Simon frowned at his detective. "He didn't exactly blow it, Jim," he protested.

Blair nodded his agreement with Simon's words. He knew that Jim was just blowing off steam, but it didn't hurt to remind him every once in a while that sometimes things just didn't go the way you wanted them to. "Yeah, it's not like Mike was careless. You heard what he said, Jim. When that guy yanked him out of the car, his jacket came open and exposed the wire. And anyway, we got the driver."

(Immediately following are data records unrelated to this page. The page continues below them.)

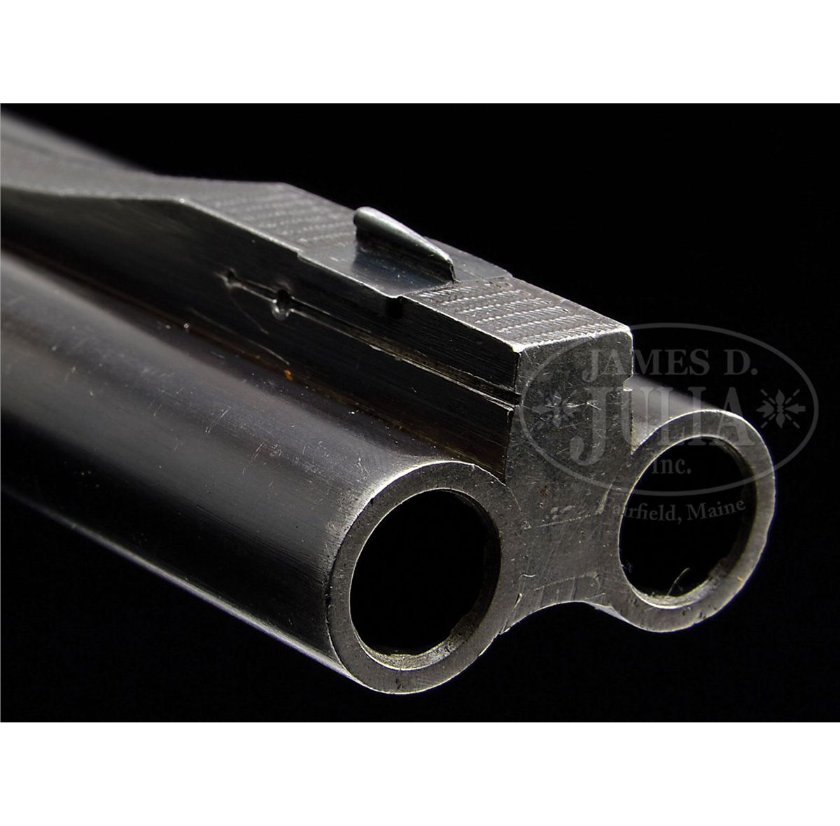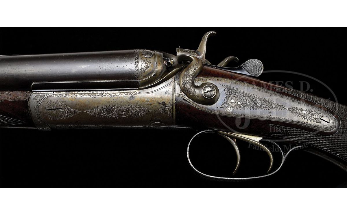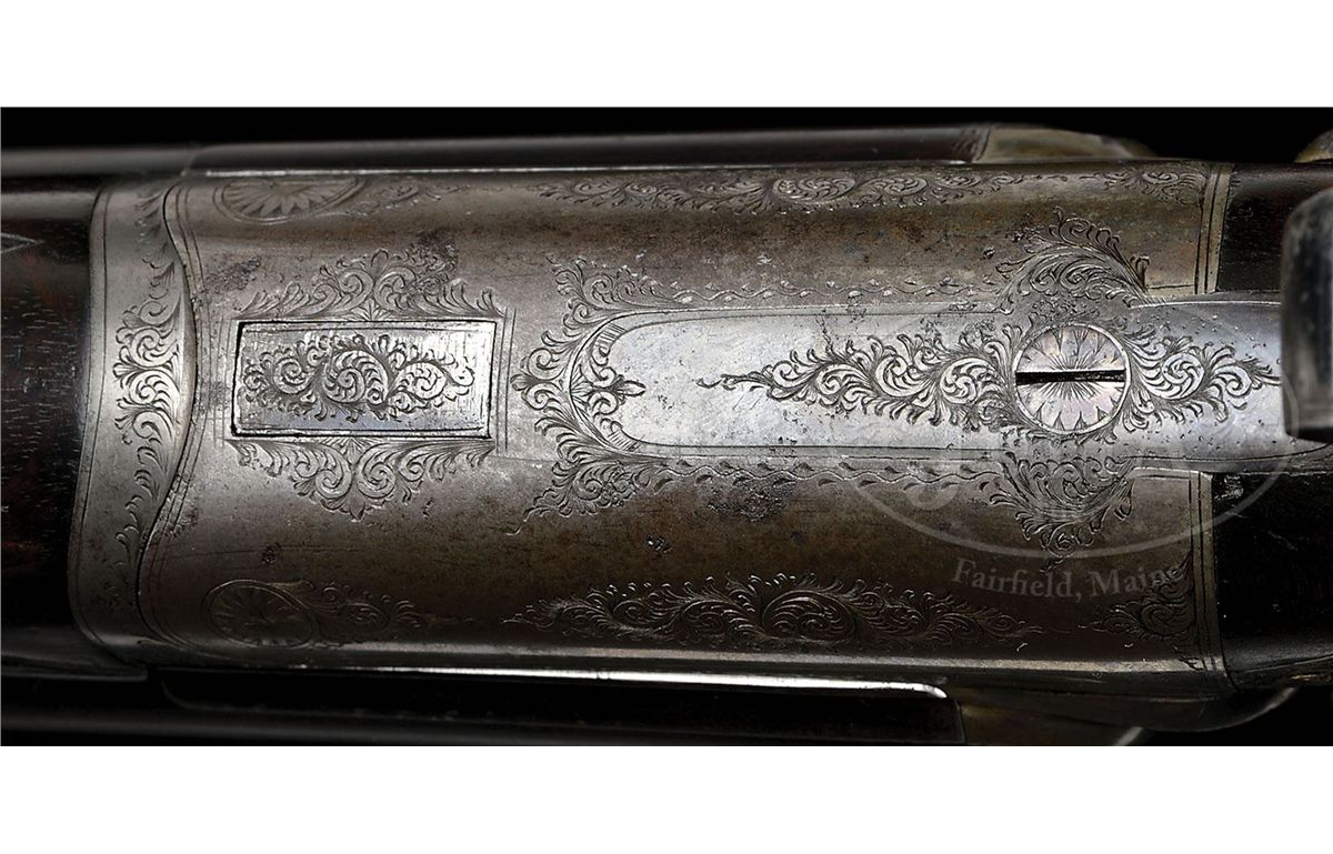 SN 13267. (ca 1911) Cal. .470 NE. 26" Chopper lump bbls with matted, full length rib, swamped toward muzzles to form ramp for silver bead front sight, are mounted with one standing, two folding leaf express rear sight, marked for 100, 200, and 300 yards. "Charles Lancaster" is engraved on tops of bbls, and "FOR CORDITE .470 3-1/4" CASE". Bbl flats are stamped with Birmingham nitro proofs for 75 grains of cordite, and 500 grain bullet. "60556" is stamped on loop. A large sling eye is affixed to bottom rib. Round bodied, top lever, case hardened action features Greener crossbolt third fastener, and is mounted with back-action rebounding locks, fitted with round bodied serpentine hammers. (Action can be opened when right lock is cocked.) Action is engraved with about 50% coverage medium scroll, and foliate borders. No makers name is present. Scroll engraved trigger guard has SN on tang, which extends to engraved steel domed grip cap. Dense, well figured European walnut capped pistol grip buttstock measures 14-1/4" over an old Silver pad. Flat top point pattern checkering is at grip, with a sling eye and vacant silver oval on toe line. Matching splinter forend has nicely shaped steel tip and Deeley release. Drop at heel: approx 2-1/4", drop at comb: approx 1-3/4". Weight: 10 lbs. 10 oz. LOP: 14-1/4". CONDITION: Fine, as partially refinished. Bbls retain 80 - 90% of an old re-blue, over a number of pits, that did not file out. There is a long scratch at rear of left bbl. Action and lockplates retain a considerable amount of their orig case hardening color, considerably flaked to pewter gray/ brown. Stocks retain nearly all of an old refinish, with some fairly heavy marks on left butt, and some lighter ones on right. Checkering is slightly worn, and has been re-cut. A 1/4" x 2" piece of wood is missing from left rear of forend. Bores are very fine, very lightly frosted, strong rifling throughout. Action is tight. Bbls are on face. Locks are crisp. This should make a great working rifle. Many hunters appreciate hammer rifles for the absolute silence with which they can be operated. 4-49216 MGM227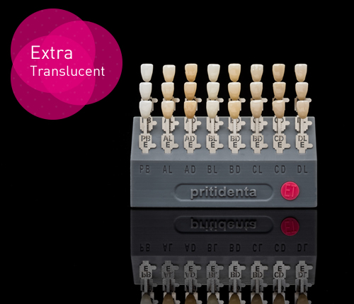 - Extra Translucent (ET) = > 45 % Transluzenz (Biegefestigkeit von > 1150 MPa)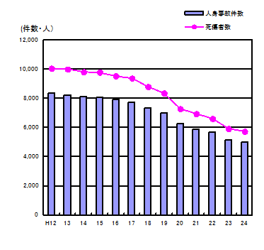 ≪公安≫ 平成24年中における県内の交通人身事故は,発生件数4,973件、死者数47人、負傷者数5,667人であり、発生件数及び負傷者数は12年連続で減少し、死者数については3年連続で減少し昭和27年以来の40人台となった。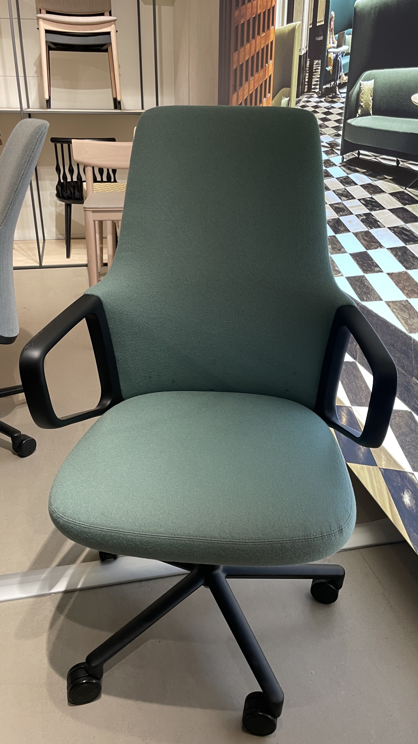 Sits och rygg i tyg (grön). Kryssfot i plast (svart). Höj- och sänkbar.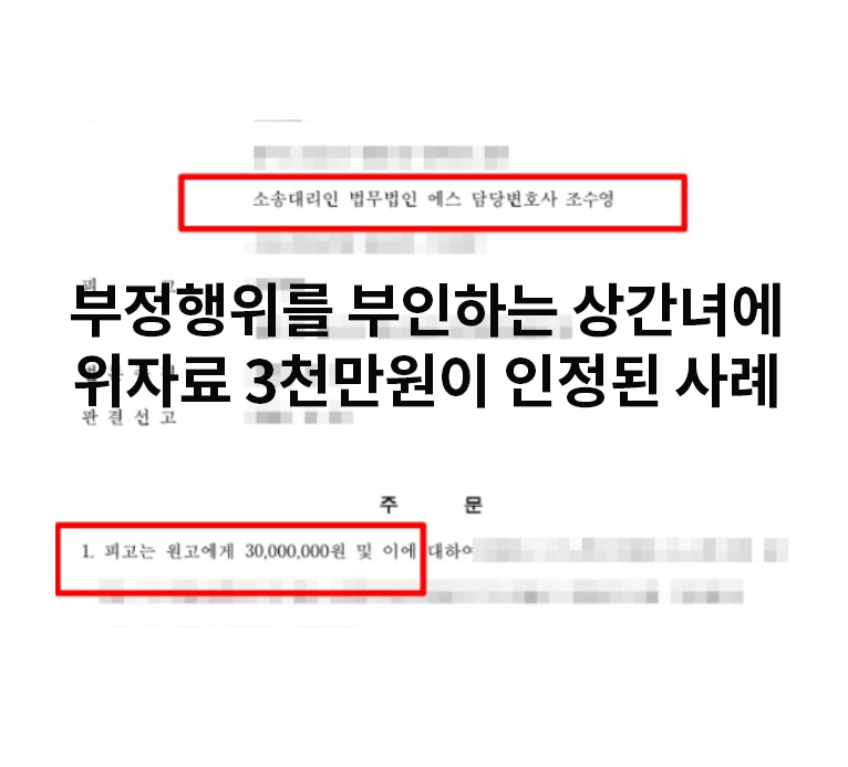 오늘은 부정행위 사실을 극구 부인하는 상간녀에 위자료소송을 제기하여 3천만원이 인정된 사례를 소개해드리겠습니다.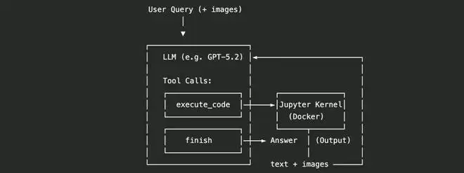 agent.py 里的 VLMToolCallAgent 实现了完整的循环:先把用户问题和图片组织成消息;然后调用支持 tool use 的聊天接口;如果模型发起 execute_code,就把代码送到 notebook 内核执行;再把执行结果作为 tool message 回流给模型;模型据此决定继续调用工具还是 finish。repo 里默认 tool_choice="auto",并支持 reasoning 模式;在开启时会把推理 effort 设为高档,并允许最多 100 轮迭代。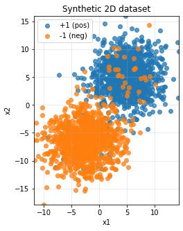 n_per_class=1000creates 1,000 points for each class (2,000 total points)mean=5centers the positive class around (5, 5) and negative class around (-5, -5), making them well-separated initiallystd=3.2controls how spread out the points are—larger values mean more scattered dataangle_deg=25.0rotates the negative class by 25 degrees, creating intentional overlap between classes to make the problem more challengingflip_prob=0.03randomly flips 3% of the labels to introduce noise, simulating real-world messy data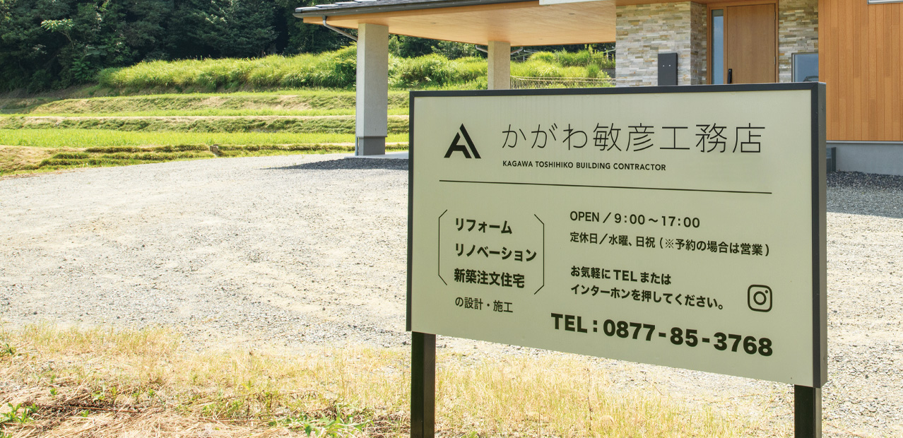 香川県まんのう町にある「かがわ敏彦工務店様」の事務所設立に伴い、敷地内に新しくロードサインを設置させて頂きました。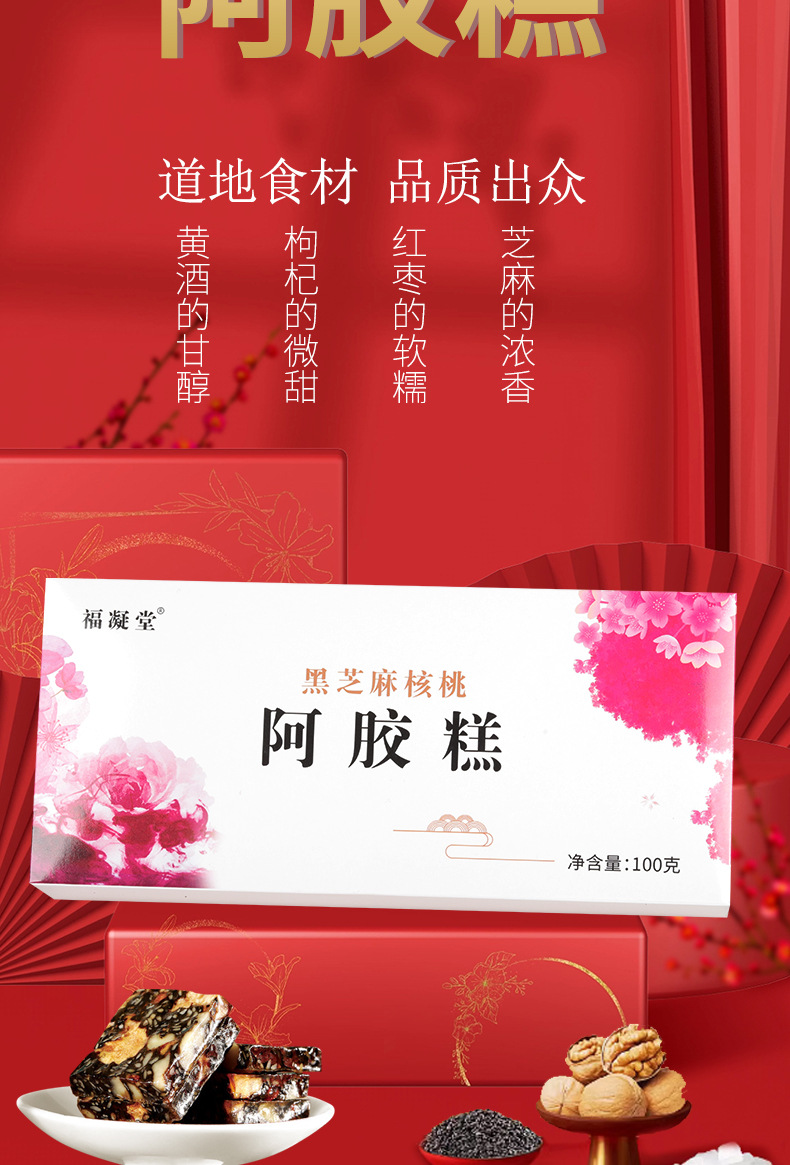 【19.9抢❗️黑芝麻核桃阿胶糕】甄选品质原料制作,黑芝麻,阿胶,核桃仁,红枣,黄酒,枸杞等,传统工艺匠心熬制,阿胶糕即食,阿胶真驴皮阿胶糕L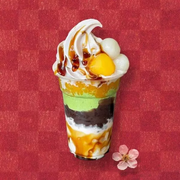 カカオ×和食材の絶妙な組み合わせ「新春ぜんざいサンデー」は、カカオが香るミルクアイスをベースに、有機栽培のあずきで作られたあんこ、宇治抹茶クリーム、栗の甘露煮、白玉をトッピング。さらに沖縄県産の黒糖を使った香り高い黒蜜を添えています。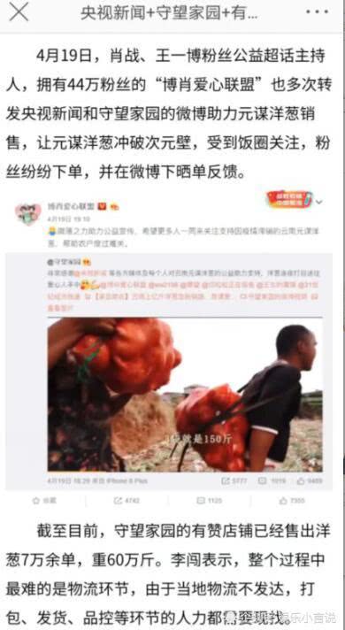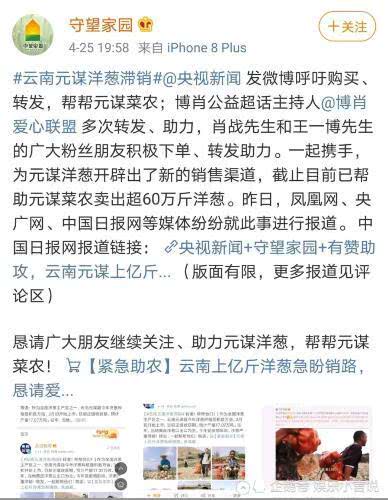 Gần đây, CCTV News và trang Canh gác gia viên đã đăng bài viết quảng bá trên Weibo để giúp người dân tại huyện Nguyên Mưu bán hành tây. Tại siêu chủ đề Bác Tiêu (fan couple Vương Nhất Bác - Tiêu Chiến) đã nhiều lần quảng bá, tích cực mua hàng để giúp đỡ người dân. Thậm chí người hâm mộ của Vương Nhất Bác và Tiêu Chiến còn mở kênh bán hàng mới để giúp hành tây của huyện Nguyên Mưu được dễ dàng tiếp cận với mọi người và tiêu thụ nhanh chóng hơn. Cho đến nay, huyện Nguyên Mưu đã bán được hơn 70 ngàn đơn hành tây, tiêu thụ được 300 tấn.
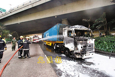 一輛行走中港兩地拖頭,昨午1時許在葵涌貨櫃碼頭提取一個滿載塑膠原料40呎長貨櫃離開擬運往內地。當沿青朗公路途至青衣西北交匯處,拖頭車底突然冒煙著火,姓陳司機(見小圖)發覺停車報警,消防員到場時,拖頭已陷入火海,開喉將火救熄後,惟拖頭已嚴重焚毀,幸無波及貨櫃內的塑料。事故令到青朗公路往新界方向一度全線封閉,交通嚴重阻塞。 本報記者蔣焯文 攝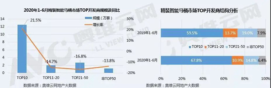 从开发商等级的精装修市场智能马桶配套结构份额变化来看,TOP10开发商配套智能马桶的份额占比,已经从去年上半年的59.5%提升至2020年上半年的67.5%,配套量同比增长了21.5%。TOP11-20、TOP21-50、非TOP50强的份额结构占比,因受TOP10开发商配套量的进一步提升而持弱化状态。在某些层面也体现了,TOP10开发商在精装楼盘销售层面,如何利用新产品、新技术获取消费者,打造差异化竞争,更好的促进楼盘销售。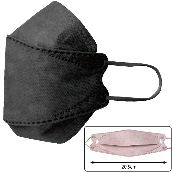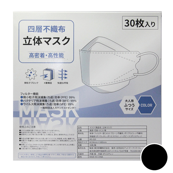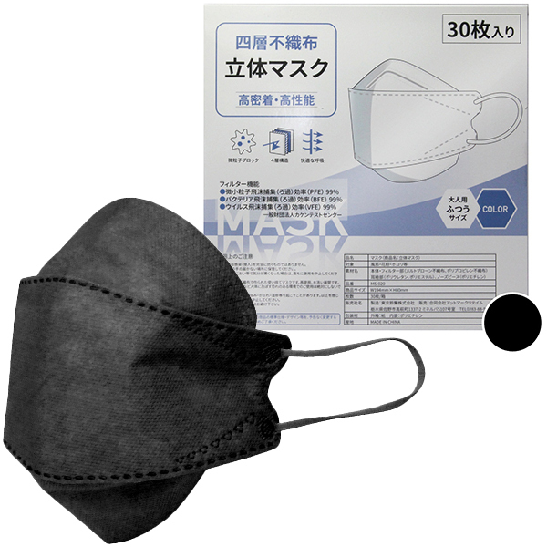 風邪・花粉・ウイルス対策に。 大人用で普通サイズの四層不織布立体マスク(ブラック)です!30枚入りの高性能四層不織布立体マスク。 フィルター機能は微小粒子飛沫捕集率(ろ過)効果(PFE)99%。 バクテリア飛沫捕集(ろ過)効果(BFE)99%。 ウイルス飛沫捕集(ろ過)効果(VFE)99%。 立体構造でマスク内部にスペースが出来るため快適にすごせます。 |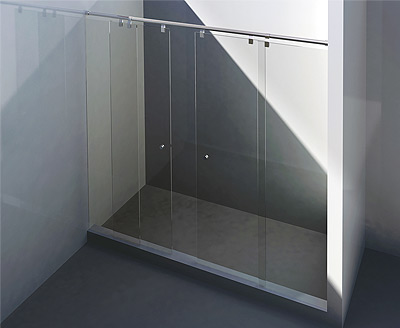 MAMPARA CORREDERA INOX ENTRE 2 PAREDES - 2 PUERTAS Y 2 FIJOS - 8/10MM REF.02730.K4IB

Jim's heavy sigh seemed to release some of his tension. "Yeah, his name is Tony DeLuca. He's out on parole for bank robbery. We nail him on this; he goes away for 25 years under the three strikes law."

Simon nodded curtly. "Good. Let's use that. Maybe we can get some information out of him." The captain rounded his desk and dropped into his high-backed chair just as his phone began to ring. With a brief gesture to his two men, he snatched it up and answered, "Banks. ... Who? ... Look, can't this wait? Just tell her to call him...Wait. "

Blair was fighting an uphill battle trying to convince Jim that he was not to blame every time something went wrong on the job. Both men kept their voices low in deference to Simon, and both looked up in surprise when the captain suddenly barked, "Sandburg!"

"Yeah?" Blair responded with a slight frown. To the best of his knowledge, he hadn't done anything recently to aggravate Simon.

Simon dangled the phone from one hand. "Do you know someone named Naomi?"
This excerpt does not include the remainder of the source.